__WHAT YOU WILL DO__:
Drop every picture. Return the rest of the entries exactly.

__DATA RECORDS__:
▬▬▬▬▬▬▬▬▬▬
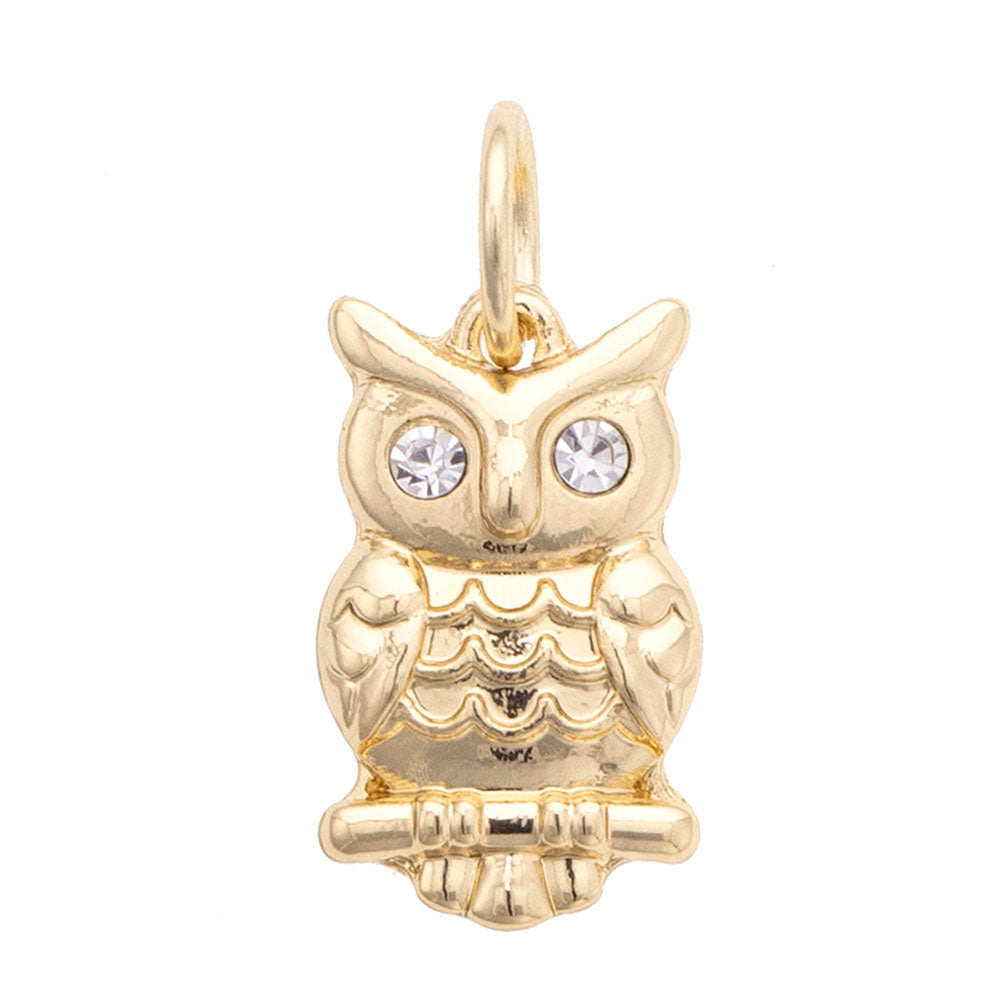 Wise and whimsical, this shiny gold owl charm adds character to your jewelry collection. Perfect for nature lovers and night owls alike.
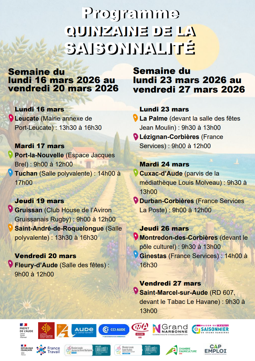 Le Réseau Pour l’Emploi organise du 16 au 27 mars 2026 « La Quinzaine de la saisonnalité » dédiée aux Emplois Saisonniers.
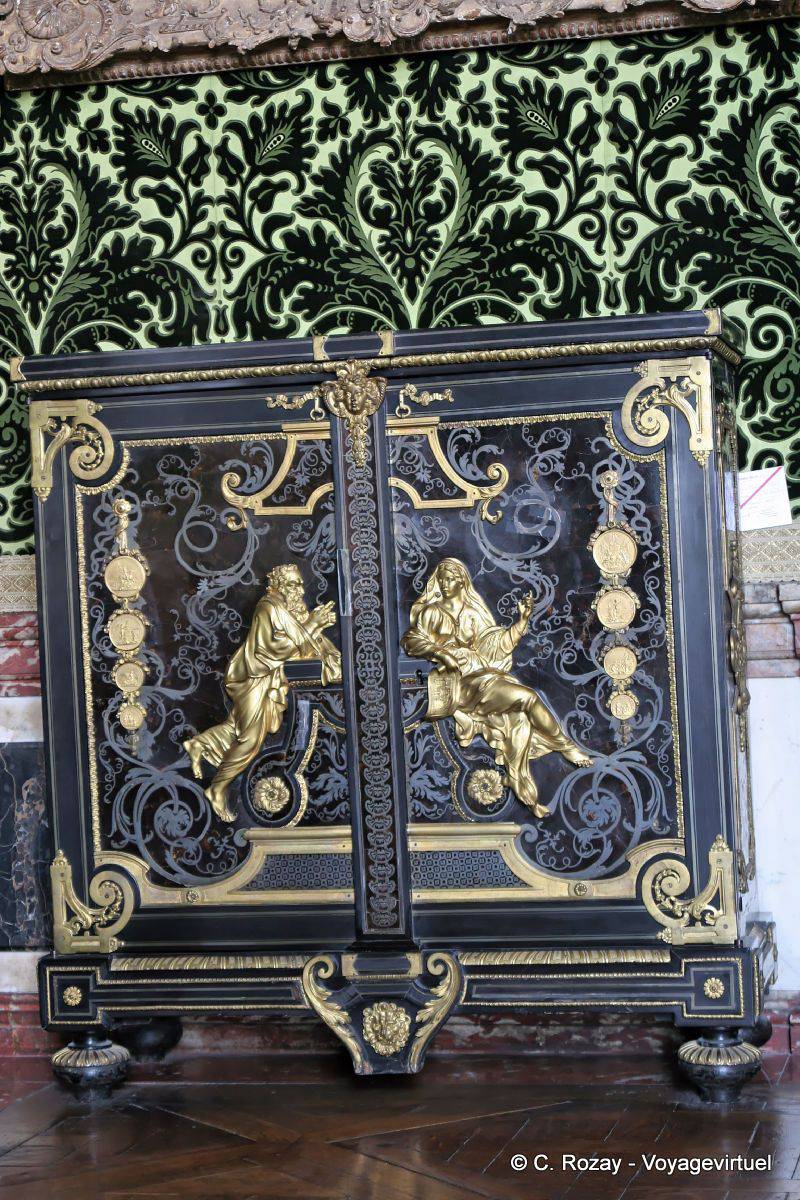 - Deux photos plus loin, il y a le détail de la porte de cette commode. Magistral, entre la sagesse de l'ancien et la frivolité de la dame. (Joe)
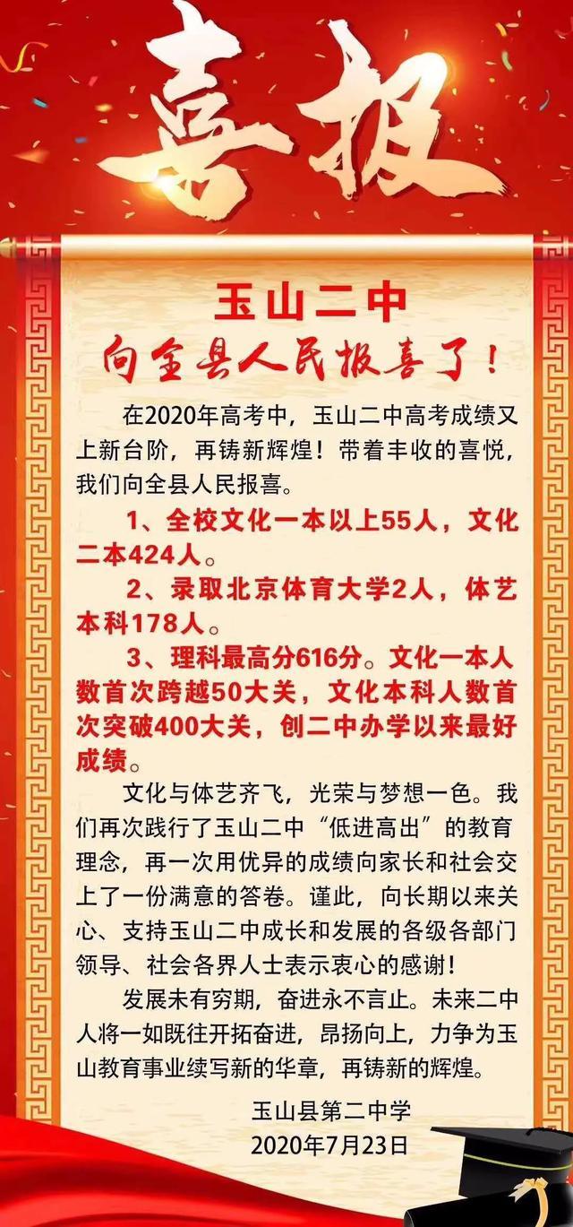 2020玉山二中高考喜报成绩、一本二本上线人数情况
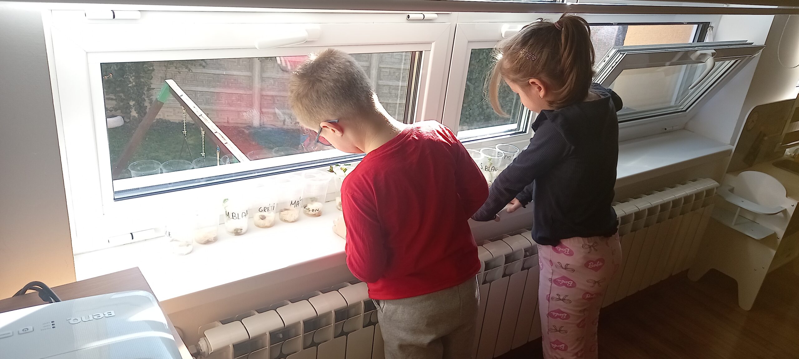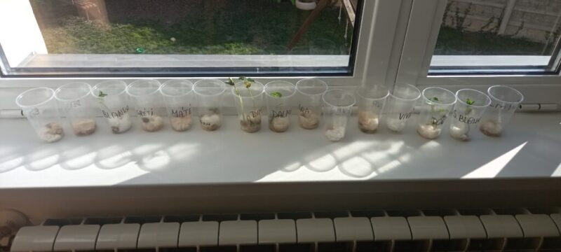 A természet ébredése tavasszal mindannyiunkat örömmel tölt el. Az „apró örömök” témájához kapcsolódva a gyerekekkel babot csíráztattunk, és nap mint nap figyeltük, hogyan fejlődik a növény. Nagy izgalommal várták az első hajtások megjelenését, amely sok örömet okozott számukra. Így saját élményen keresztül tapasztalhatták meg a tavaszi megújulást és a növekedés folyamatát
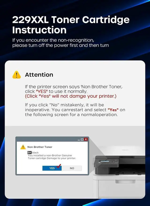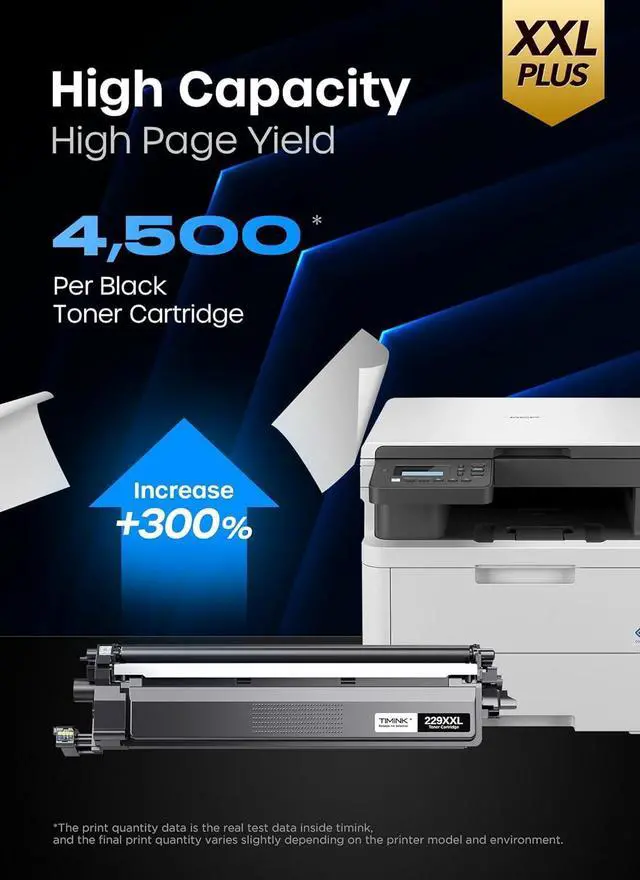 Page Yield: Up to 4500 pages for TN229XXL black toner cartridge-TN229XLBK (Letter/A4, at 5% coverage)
▬▬▬▬▬▬▬▬▬▬
__PROBLEM SOLUTION__:
 Wise and whimsical, this shiny gold owl charm adds character to your jewelry collection. Perfect for nature lovers and night owls alike.
 Le Réseau Pour l’Emploi organise du 16 au 27 mars 2026 « La Quinzaine de la saisonnalité » dédiée aux Emplois Saisonniers.
 - Deux photos plus loin, il y a le détail de la porte de cette commode. Magistral, entre la sagesse de l'ancien et la frivolité de la dame. (Joe)
 2020玉山二中高考喜报成绩、一本二本上线人数情况
 A természet ébredése tavasszal mindannyiunkat örömmel tölt el. Az „apró örömök” témájához kapcsolódva a gyerekekkel babot csíráztattunk, és nap mint nap figyeltük, hogyan fejlődik a növény. Nagy izgalommal várták az első hajtások megjelenését, amely sok örömet okozott számukra. Így saját élményen keresztül tapasztalhatták meg a tavaszi megújulást és a növekedés folyamatát
 Page Yield: Up to 4500 pages for TN229XXL black toner cartridge-TN229XLBK (Letter/A4, at 5% coverage)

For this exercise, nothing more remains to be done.